(WORK REQUIRED)
Within the entries below, output exactly the lines between the line containing "Item Number:MR5049 Type:Plush" and the line containing "16 clip socket", inclusive, and omit any picture.

*** Opening of AVAILABLE DATA ***

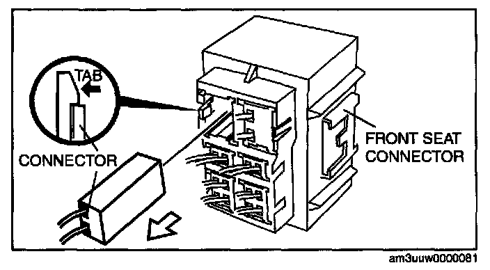 1. Detach the tab as shown in the figure and remove the connector from the front seat connector.
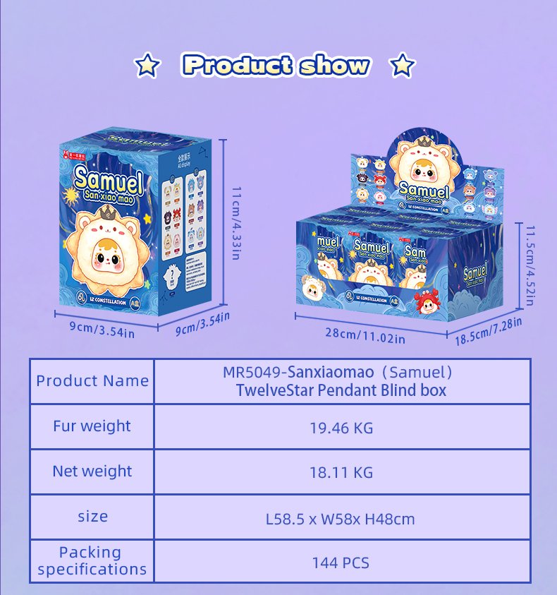 Item Number:MR5049 Type:Plush blind box Package:144 per carton
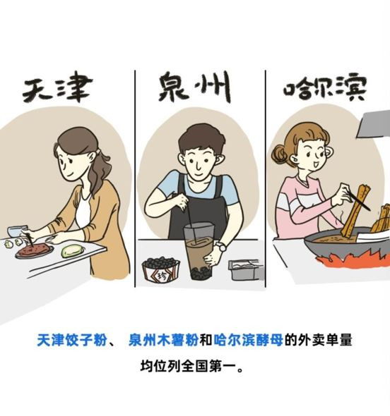 無疑,北方確實是吃麪大户,如天津人購買餃子粉的外賣單量位居全國第一、哈爾濱人購買酵母的外賣單量均位列全國第一;
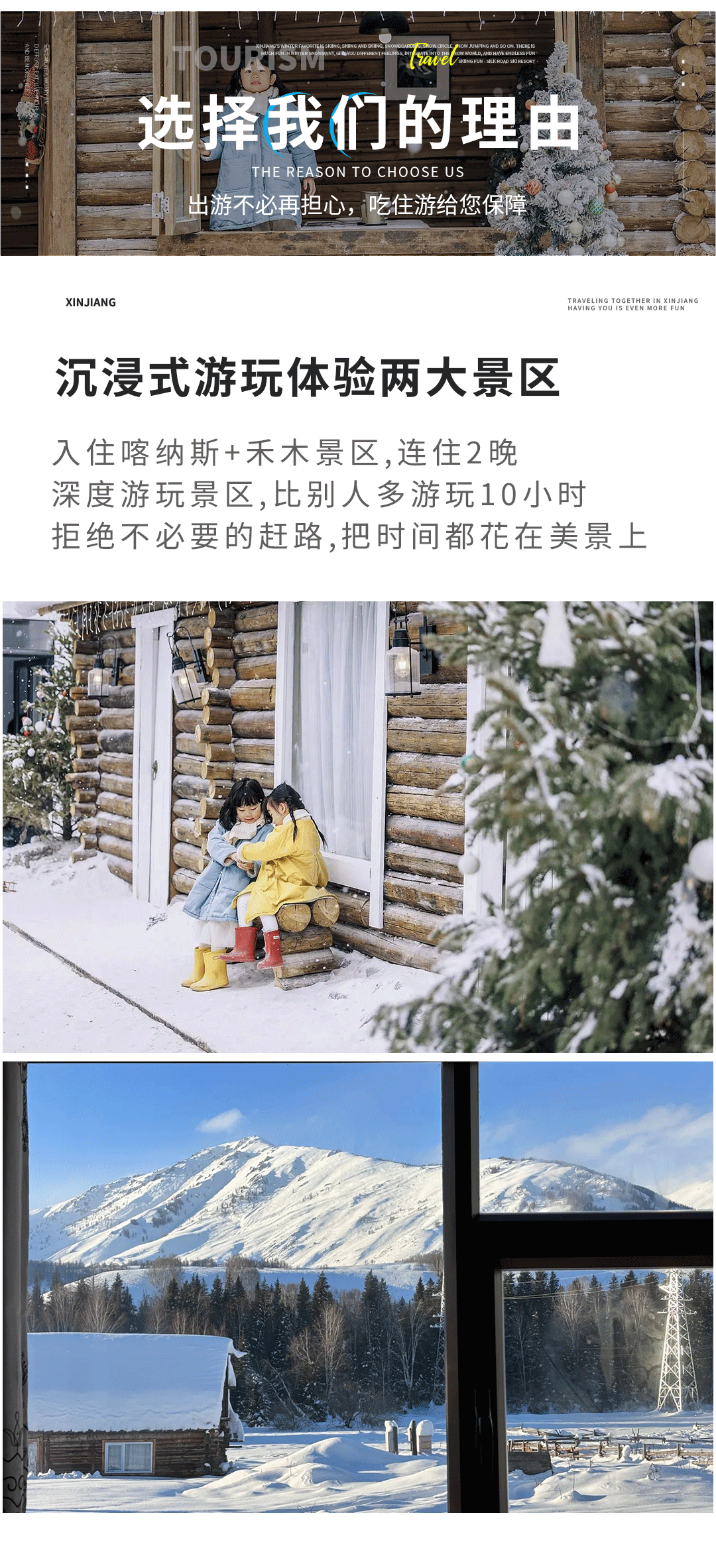 之后前往景区入住山庄,即可开始享受禾木的冬天。冬季的禾木银装素裹,白雪皑皑,一片白雪与灰色白桦林的映衬,显得那么安静与反差。在这里体验围炉煮茶,看大雪满天,它又回归到本就属于这里的静谧和纯净。小朋友们还可以前往与小鹿来一个亲密互动,摄影师会为我们记录下美好的瞬间。
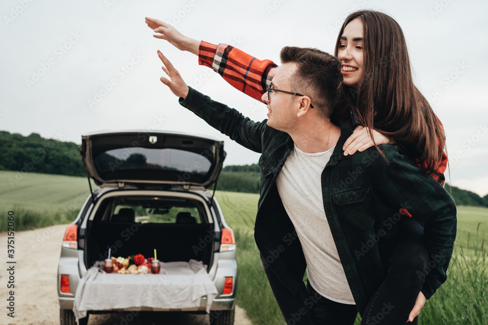 Young Beautiful Couple Having Fun Near the Car, Travel and Roadtrip Concept
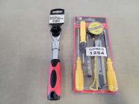 16 clip socket rail, files, valve lapping tool, snap ring pliers, torque drive plus power bits, universal brake adjusting tool, multi-driver
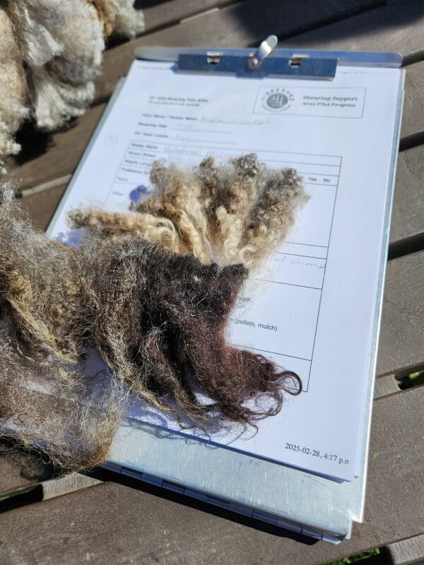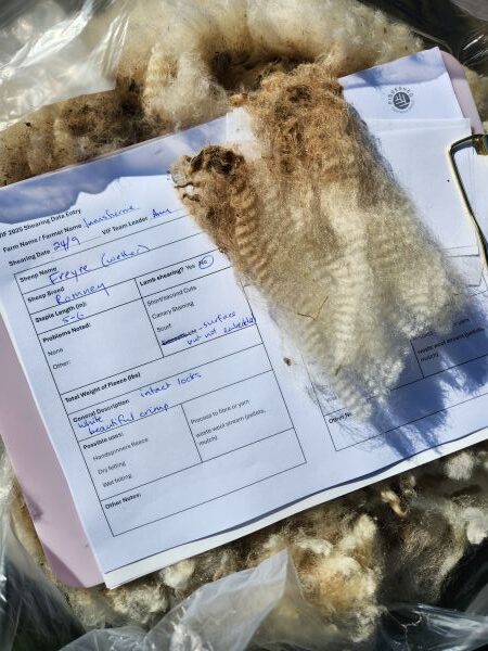 The team receives fleeces as the shearer finishes with each animal. We skirt the fleeces, removing the obviously dirty bits around the edges of the fleece. We pull out damaged or felted wool from the middle of the back and neck (some sheep really like to rub on fence posts!) and remove fleece that’s full of vegetation. We test for fleece strength with a ping test, estimate fleece length and crimp, and weigh the skirted fleece before bagging the fleece for storage/sale. We take notes on these characteristics, colour, and possible use, and often take photos of each fleece. These are provided to the farmer afterwards for their use in marketing their fleeces.
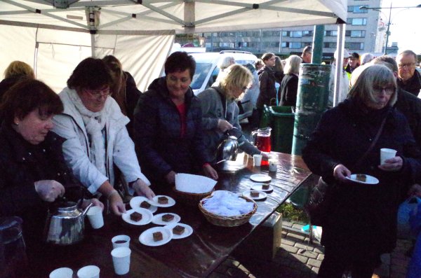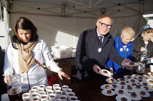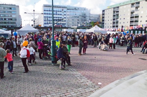 Iltapäivän ohjelmaa![]() Kaupunginjohtaja Aino-Maija Luukkonen ja apulaiskaupunginjohtaja Kari Hannus jakoivat kauppatorilla merkkipäivän kunniaksi MasaLiisaa ja mehua paikalle saapuneille vieraille |
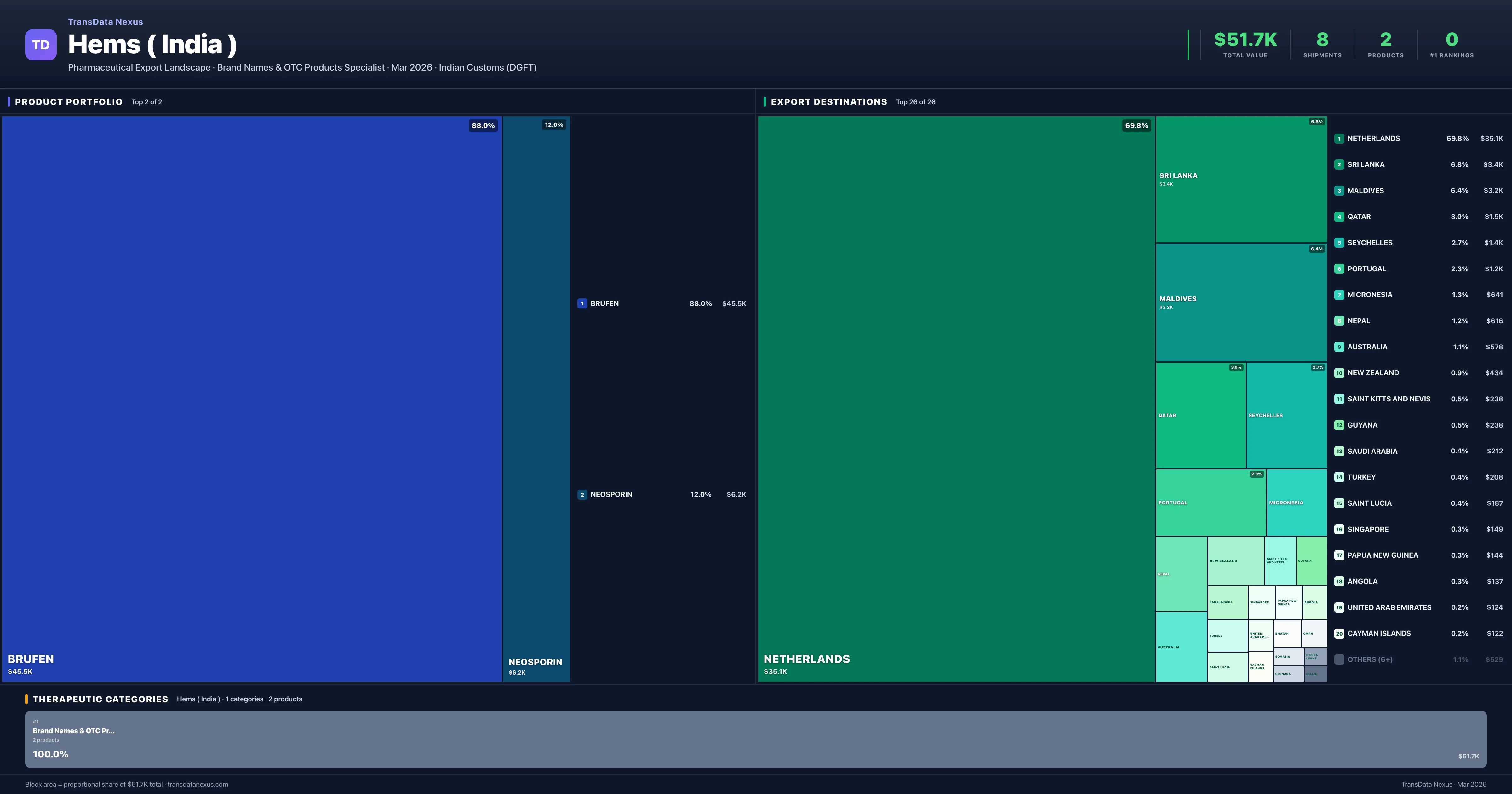 Hems ( India ) is an Indian pharmaceutical exporter with a total trade value of $51.7K across 2 products in 1 therapeutic categories. Based on 8 verified export shipments from Indian Customs (DGFT) records, the company actively competes across multiple product segments. Top exports include Brufen ($45.5K), Neosporin ($6.2K), .
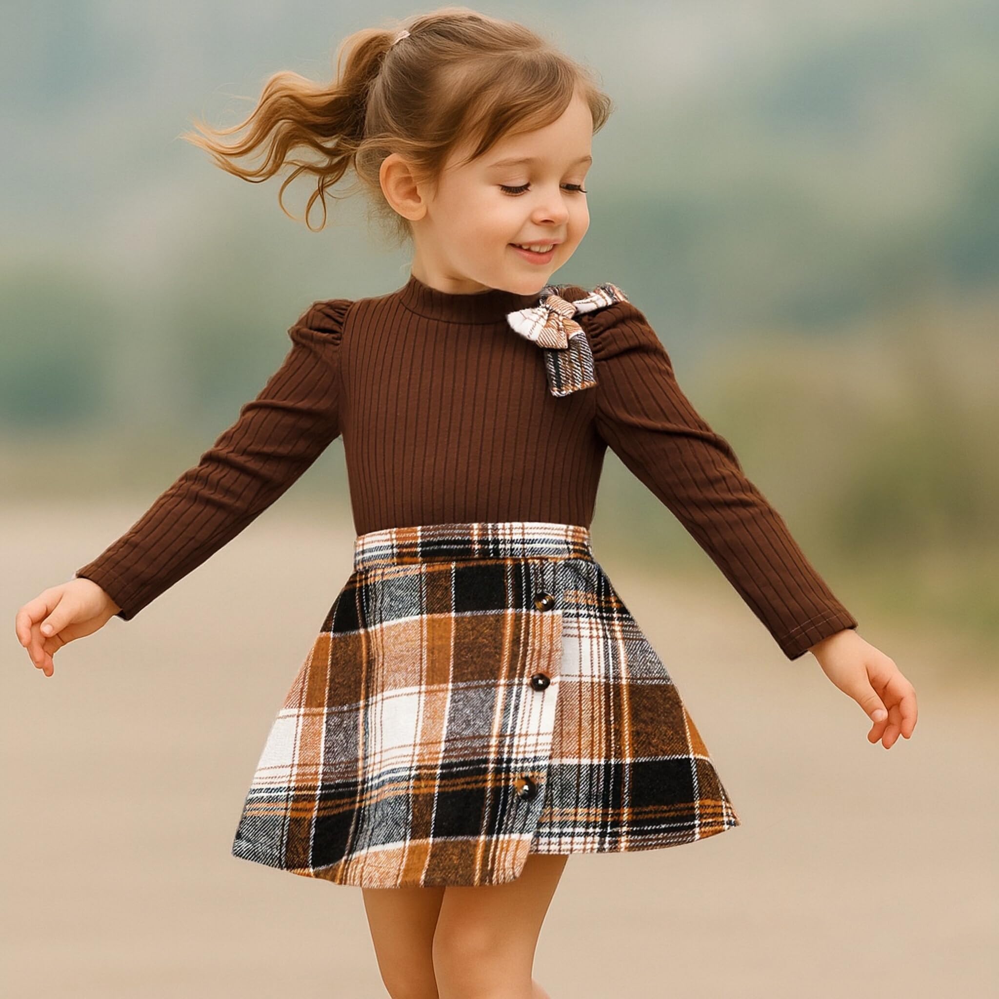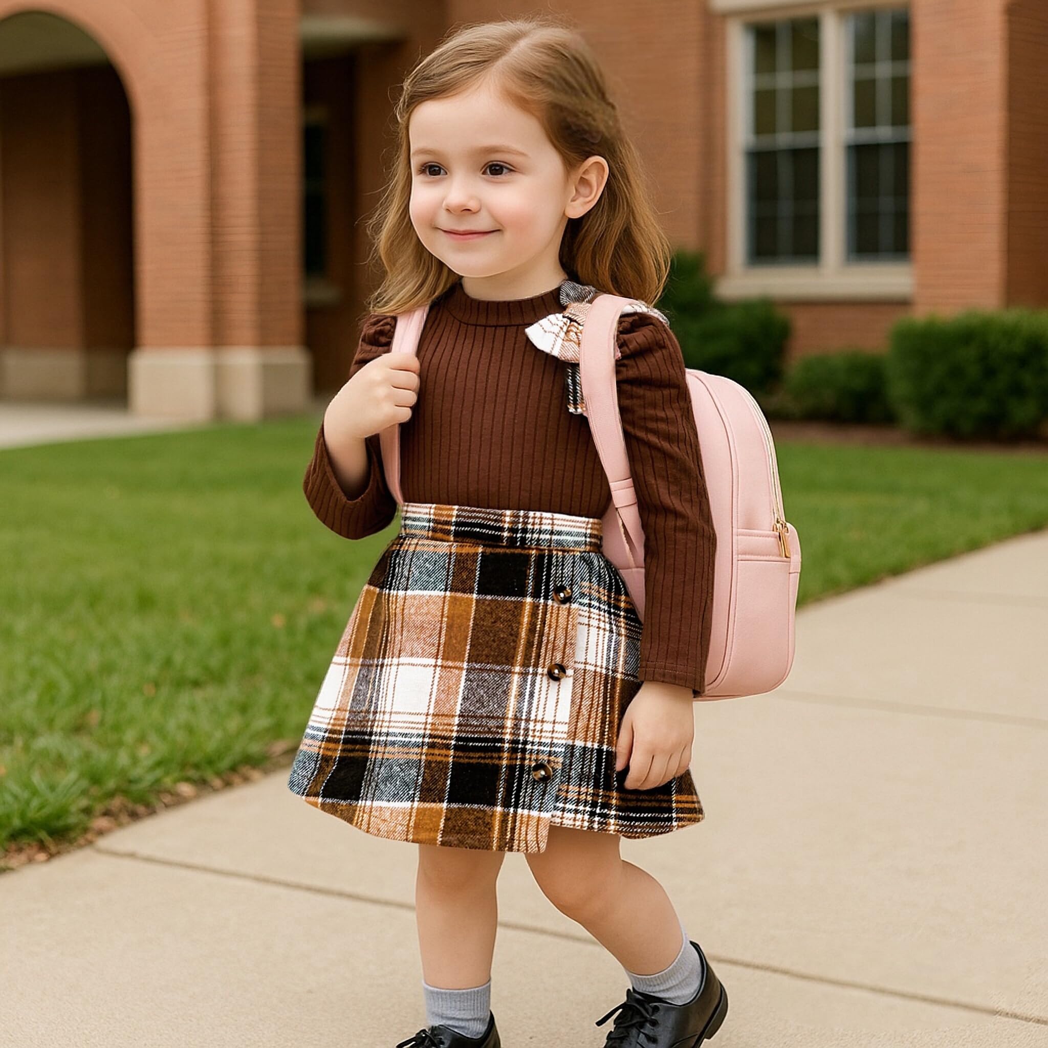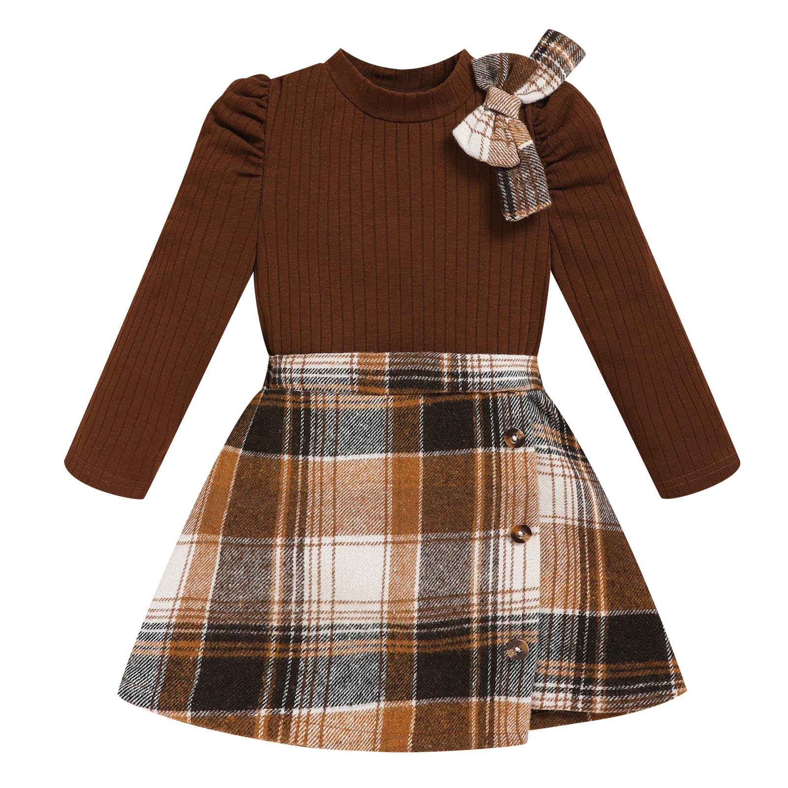 Design: Kids Little girl spring fall winter skirt set,knitted cotton long sleeve solid color top, button mini skirt with elastic waist , winter fashion warm toddler girls clothes outfits.

*** Close of AVAILABLE DATA ***

(SOLVED EXERCISE)
 Item Number:MR5049 Type:Plush blind box Package:144 per carton
 無疑,北方確實是吃麪大户,如天津人購買餃子粉的外賣單量位居全國第一、哈爾濱人購買酵母的外賣單量均位列全國第一;
 之后前往景区入住山庄,即可开始享受禾木的冬天。冬季的禾木银装素裹,白雪皑皑,一片白雪与灰色白桦林的映衬,显得那么安静与反差。在这里体验围炉煮茶,看大雪满天,它又回归到本就属于这里的静谧和纯净。小朋友们还可以前往与小鹿来一个亲密互动,摄影师会为我们记录下美好的瞬间。
 Young Beautiful Couple Having Fun Near the Car, Travel and Roadtrip Concept
 16 clip socket rail, files, valve lapping tool, snap ring pliers, torque drive plus power bits, universal brake adjusting tool, multi-driver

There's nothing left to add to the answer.